California Court of Appeal Holds Successor in Interest Can Enforce Arbitration Agreement
California Court of Appeal Holds Successor in Interest Can Enforce Arbitration Agreement
By Shannon Finley and Jenna Leyton-Jones
In Jenks v. DLA Piper Rudnick Gray Cary US, a California Court of Appeal held that an employer’s successor in interest could enforce an arbitration agreement signed before merger of the two companies. Plaintiff M. Todd Jenks (“Jenks”) sued his former employer, defendant DLA Piper Rudnick Gray Cary US (“DLA Piper”), alleging that the law firm had violated the terms of his resignation agreement by preventing him from receiving certain disability benefits.
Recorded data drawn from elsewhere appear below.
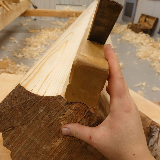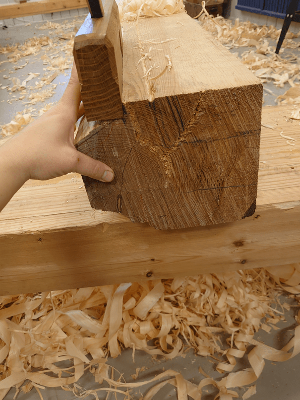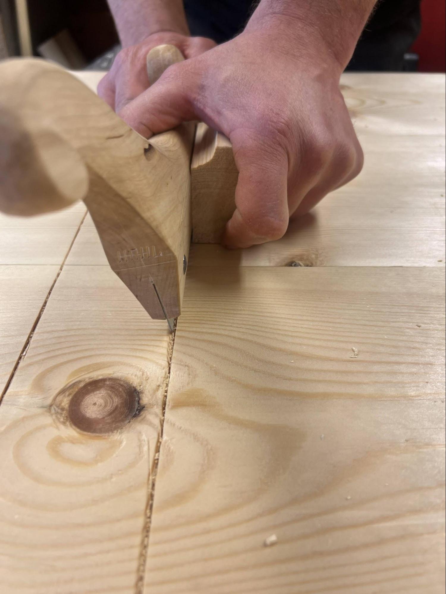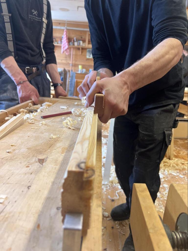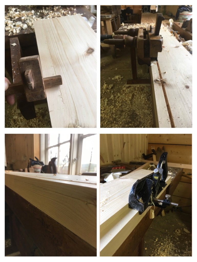 For å komme videre, så var det på tide å høvle på fals og profil på emnene. Dette gjorde vi med en kombihøvel som ofte kalles «glashøvel» og som vi produserte i første uka av praksisperioden vår. Du kan lese mer om glashøvelen og hvordan vi lagde denne i Olav Erik Kvaal sitt blogginnlegg.
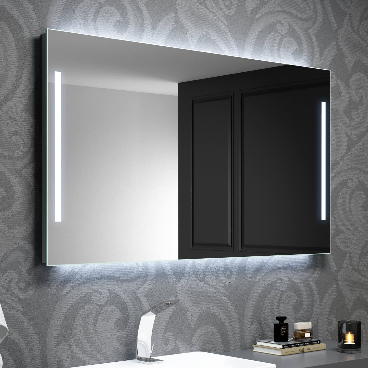 Neben der optik ist natürlich der nutzen eines badspiegels von zentraler bedeutung. Da die lichtspiegel zeitlos designt sind fügen sie sich in jedes badezimmer angenehm ein ohne den rest der einrichtung zu erdrücken. Der umlaufende rahmen in schwarz oder silbereloxiert ist eine attraktion in jedem badezimmer.
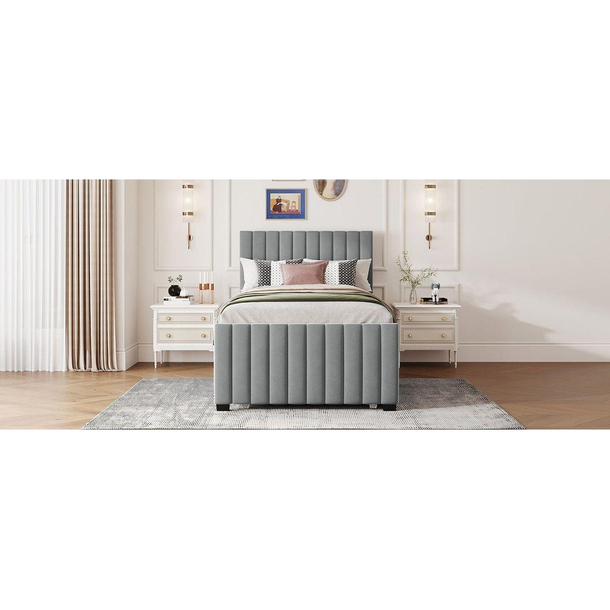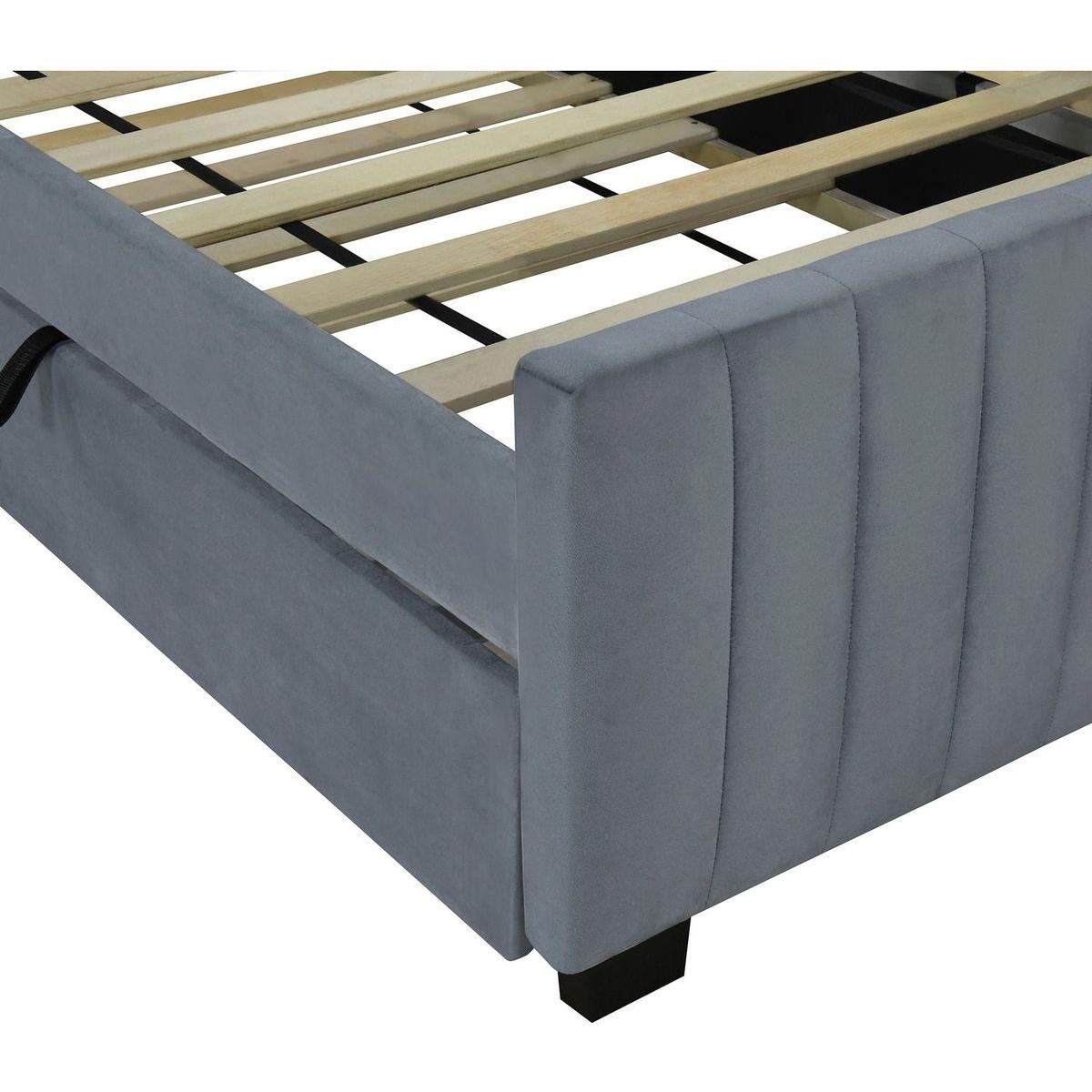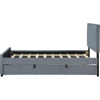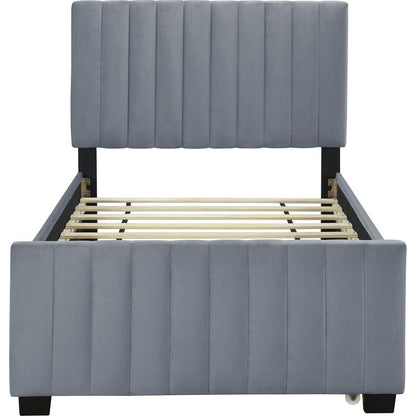 Twin Size Velvet Upholstered Platform Bed with Twin Size Trundle, Gray

DLA Piper moved to compel the case to arbitration by enforcing an arbitration agreement that Jenks had signed with his former employer, Gray Carey Ware & Friedenrich (“Gray Cary”). Gray Carey’s offer letter to Jenks included a provision requiring both parties to submit all disputes or claims relating to or arising out of their employment relationship to binding arbitration. Jenks accepted Gray Carey’s offer of employment on May 12, 2000, and on January 1, 2005, Gray Carey merged into DLA Piper. Jenks signed a resignation agreement with DLA Piper on February 19, 2006. Jenks opposed arbitration and argued that the resignation agreement superseded offer letter, thereby extinguishing the arbitration provision. The trial court disagreed, finding that the resignation agreement was a separate agreement applying only to termination-related issues; accordingly, the arbitration agreement in the offer letter remained operative.
Jenks appealed, arguing that the trial court erred by compelling arbitration.
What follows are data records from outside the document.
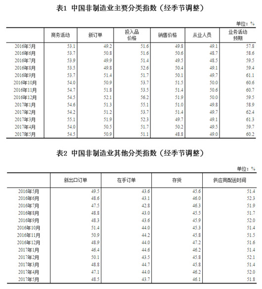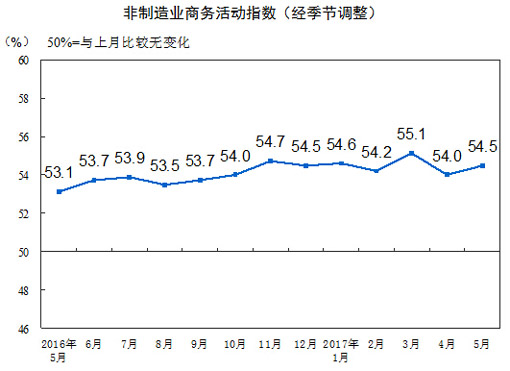 2017年5月份,中國非制造業(yè)商務活動指數(shù)為54.5%,比上月上升0.5個百分點,位于擴張區(qū)間,非制造業(yè)繼續(xù)保持平穩(wěn)較快的發(fā)展勢頭,增速有所加快。
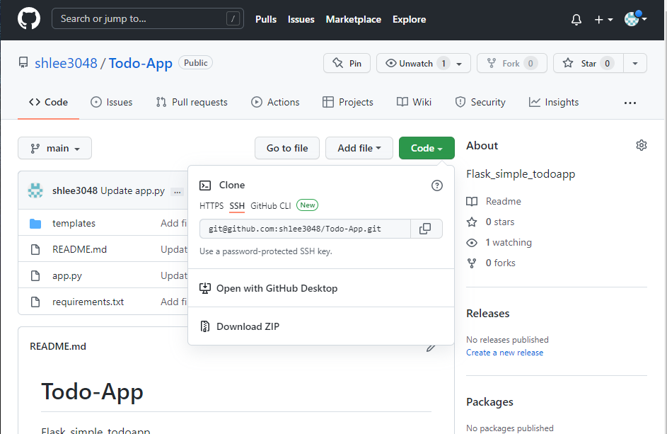 이제 프로젝트가 담긴 레포지토리로 돌아가 git clone을 하기 위한 코드를 복사하자
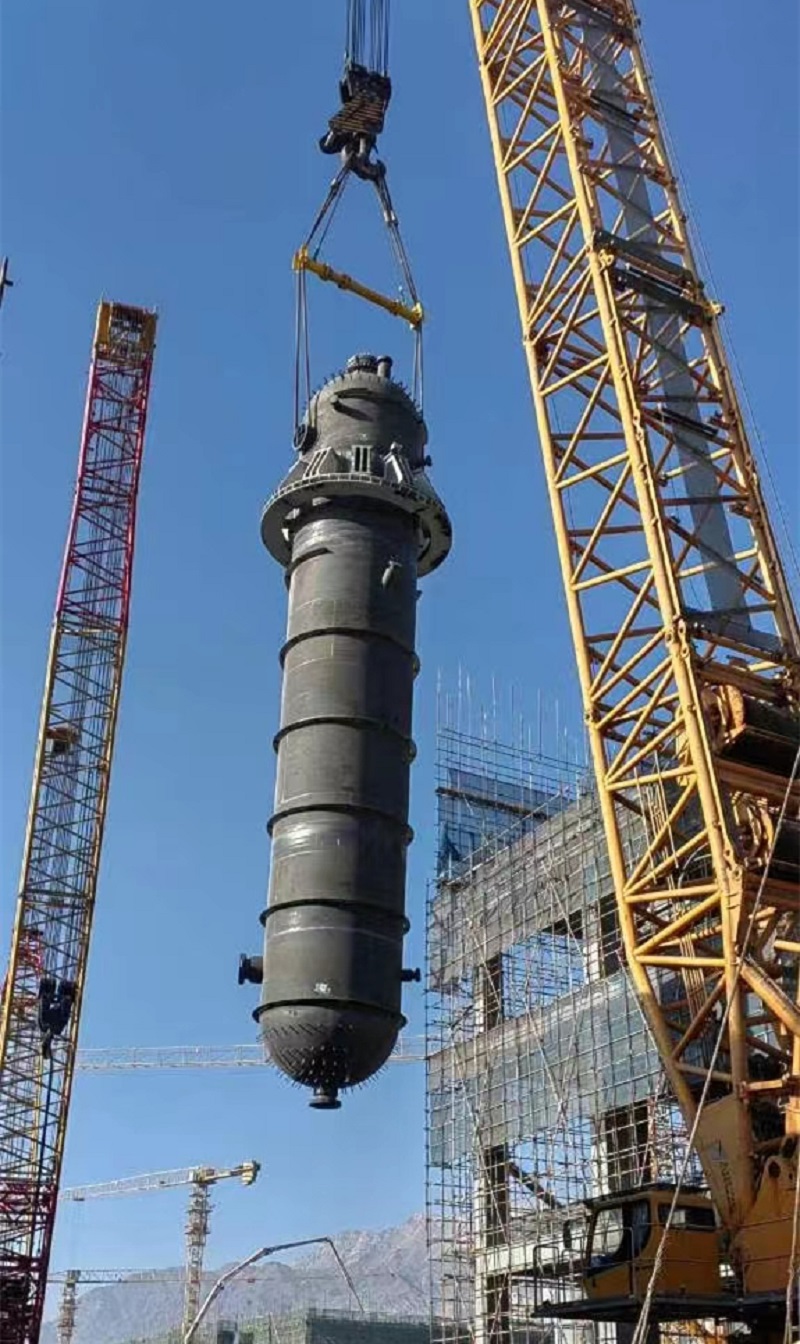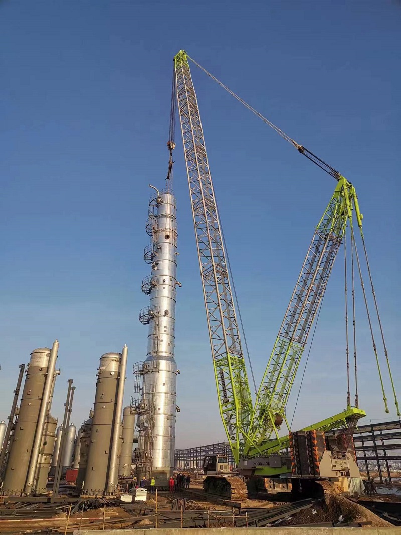 該甲醛吸收塔直徑 4.4米、高74米、重118噸,是該項(xiàng)目現(xiàn)場(chǎng)最大、最重設(shè)備。在吊裝中,項(xiàng)目施工人員采用抬運(yùn)法,即以265噸履帶吊為主吊,180噸履帶吊輔助,兩輛吊車相互配合、緊密協(xié)作,順利完成甲醛吸收塔吊裝。

The appellate court held that DLA Piper could enforce the arbitration provision of Jenks’s offer letter as the successor to Gray Carey’s rights and obligations after the merger. The Court of Appeal held that the resignation agreement did not supersede the arbitration of the offer letter for two reasons. First, despite the integration clause in the resignation agreement, the agreement was limited to the subject matter of resignation. As such, the resignation agreement was not a complete agreement. Second, the resignation agreement was silent as to arbitration, and where “one agreement identifies arbitration as the forum for resolving disputes, and a subsequent agreement omits any reference to such a forum, any doubts must be resolved in favor of arbitration.”
This case is a welcome gift to employers this holiday season. By permitting a successor in interest to enforce an arbitration agreement after a merger and acquisition, Jenks is one of the few employer-friendly arbitration cases issued by California courts this year. Notwithstanding this ruling, employers who have merged, or are contemplating merger, with another company are advised to consult with employment counsel regarding the enforceability of previously-executed arbitration agreements.